The CTRS is only valid if a reliable diagnosis has been made. Clinicians in routine services are not trained to make a diagnosis. Thus a client may present with what looks like social anxiety, but the problem, may be avoidant personality disorder, about which the therapist is clueless. Not only are there treatment competencies, but there are also diagnostic competencies and unless the two dovetail the result is disaster. The situation is analogous to a surgeon being highly competent in knee replacements, performing one, but the problem was the patients hip! see Scott (2014) CBT Supervision. A positive screen for personality disorders predicts a poorer outcome in NHS Talking Therapies, Goddard et al (2015). The CTRS was only validated on a depressed sample, accounting for only 15% of outcome on a clinician assessment. There is no evidence that it is appropriate for use with other disorders. Nevertheless it is commonly used in CBT training for all common mental disorders.

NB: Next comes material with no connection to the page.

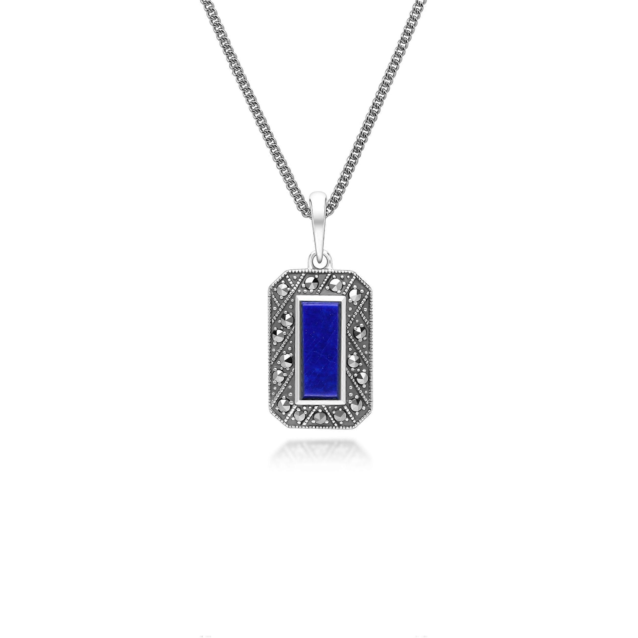 Art Deco Style Rectangle Lapis Lazuli and Marcasite Pendant Necklace in Sterling Silver

The PHQ-9 is the most widely used measure of the severity of depression. But patients are confused about whether they are being asked about the frequency of their symptoms or how bothersome they find them. Nevertheless it is the metric relied upon by NHS Talking Therapies to declare a 50% recovery rate. With clients admitted or discharged from therapy on the basis of their cut-off score (a case, is a score of 10 or more). Therapists are subjected to criticism if they do not routinely achieve a 50% recovery rate. But the measure only has a 0.48 sensitivity when studies without input by the creators of the instrument a re considered ie, of those with depression it only correctly identifies 1 in 2 of those who have depression Paniyiotou et al 2025. It is not an appropriate measuring instrument if the primary disorder is not depression, but this is routinely ignored.

The routine use of the CTRS and PHQ-9 would struggle to stand up in a Court of law. A student failed because of his allegedly poor CTRS score and bullied over his client’s PHQ-9 scores could mount a credible case. Equally a client could claim that they were subjected to an inadequate, if common treatment, in that it failed to pass any credible test of rationality.